Head 1: attends to the previous token
Head 2: attends to the subject of the sentence
Head 3: attends to tokens with matching syntactic role
Head 5: attends to the beginning of the sentence

No one programs this — the heads discover these patterns through training.

Q: What’s the tradeoff of multi-head attention?

Each head sees a smaller slice of the embedding (64 dims instead of 512), but you get 8 independent attention patterns for roughly the same cost as one full-sized attention. In practice this is a huge win.

Q: What is the relationship between d_k and d_model in multi-head attention?

d_k = d_model / num_heads. With d_model = 512 and 8 heads, d_k = 64. This is why the attention formula uses d_k instead of d_model — to stay general across both single-head and multi-head settings.

Causal Masking

Q: What problem does causal masking solve?

During training, the model processes an entire sequence at once and learns from all positions simultaneously.

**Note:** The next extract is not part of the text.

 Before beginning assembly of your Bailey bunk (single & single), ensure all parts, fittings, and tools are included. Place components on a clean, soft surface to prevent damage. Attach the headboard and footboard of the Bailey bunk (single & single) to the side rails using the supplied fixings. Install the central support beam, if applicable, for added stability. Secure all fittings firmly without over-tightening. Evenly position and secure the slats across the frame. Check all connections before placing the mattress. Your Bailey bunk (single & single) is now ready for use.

But each position should only see tokens before it — otherwise it’s cheating by looking at the answer.

Training on "The cat sat on":
  "The"         → predict "cat"
  "The cat"     → predict "sat"
  "The cat sat" → predict "on"

All trained simultaneously, but each must be honest.

Q: How does causal masking work?

Before softmax, set all “future” positions to negative infinity:

Raw scores:
            The    cat    sat    on
   The  [  2.0,   1.5,   0.8,   0.3]
   cat  [  1.2,   1.8,   0.9,   0.4]
   sat  [  0.5,   1.1,   2.1,   0.7]
   on   [  0.3,   0.6,   1.3,   1.9]

After masking (upper triangle → -∞):
            The    cat    sat    on
   The  [  2.0,   -∞,    -∞,    -∞ ]
   cat  [  1.2,   1.8,   -∞,    -∞ ]
   sat  [  0.5,   1.1,   2.1,   -∞ ]
   on   [  0.3,   0.6,   1.3,   1.9]

After softmax (softmax(-∞) = 0):
            The    cat    sat    on
   The  [  1.00,  0.00,  0.00,  0.00]
   cat  [  0.35,  0.65,  0.00,  0.00]
   sat  [  0.14,  0.26,  0.60,  0.00]
   on   [  0.08,  0.11,  0.22,  0.59]

Each token can only attend to itself and tokens before it.

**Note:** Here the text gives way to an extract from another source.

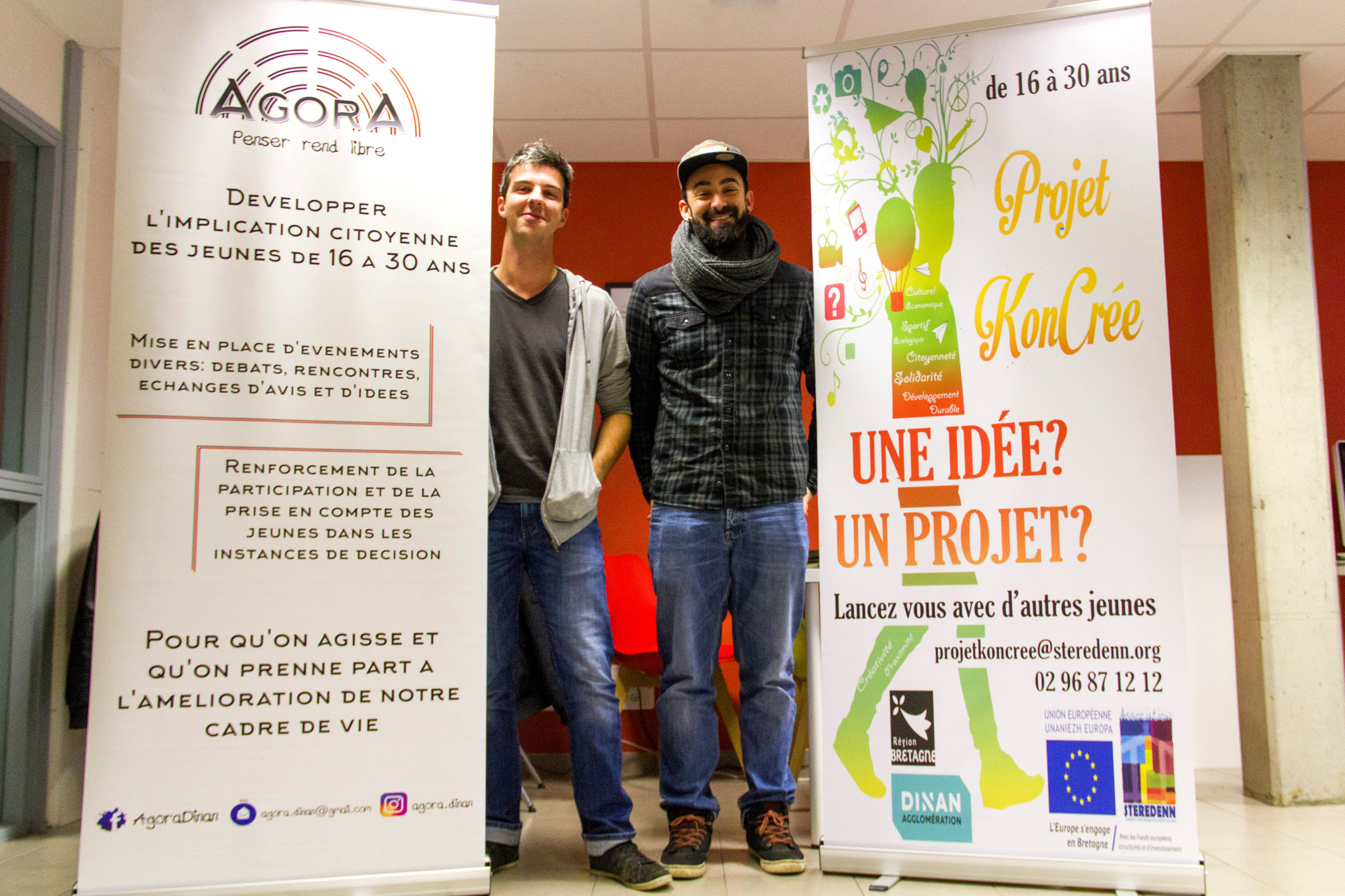 Alexandre et Jérôme, 4 mois à ProjetKonCrée. Depuis leur entrée en juin 2017 à ProjetKonCrée, ils ont crée l’association Agora ayant pour but de développer l'implication citoyenne des jeunes de 16 à 30 ans sur le territoire de Dinan Agglomération, pour agir ensemble et se faire entendre. Ils ont profité de leur temps à ProjetKonCrée pour créer et expérimenter :

Q: How does masking enable training on N examples simultaneously?

Each row in the masked attention matrix is an independent computation that only uses past tokens. So position 0 genuinely only sees “The”, position 1 genuinely only sees “The” and “cat”, etc. All positions can be computed in parallel in one forward pass, giving you N-1 training examples from a single sequence. At inference time, you generate tokens sequentially — future tokens genuinely don’t exist yet.

Q: Do all models use causal masking?

Only decoder models (GPT, LLaMA, Claude). Encoder models like BERT use no masking — every token sees every other token in both directions. This is because BERT’s task (fill in the blank) requires full context, not autoregressive generation.

Q: What is the difference between self-attention and cross-attention?

The word “self” clarifies where Q, K, V come from:

Self-attention:   Q, K, V all come from the SAME source
  Q = X @ W_Q,  K = X @ W_K,  V = X @ W_V

Cross-attention:  Q from one source, K and V from ANOTHER
  Q = X_dec @ W_Q,  K = enc_output @ W_K,  V = enc_output @ W_V

In decoder-only models (GPT, Claude), there’s only self-attention (with causal masking). Cross-attention exists in encoder-decoder models for tasks like translation.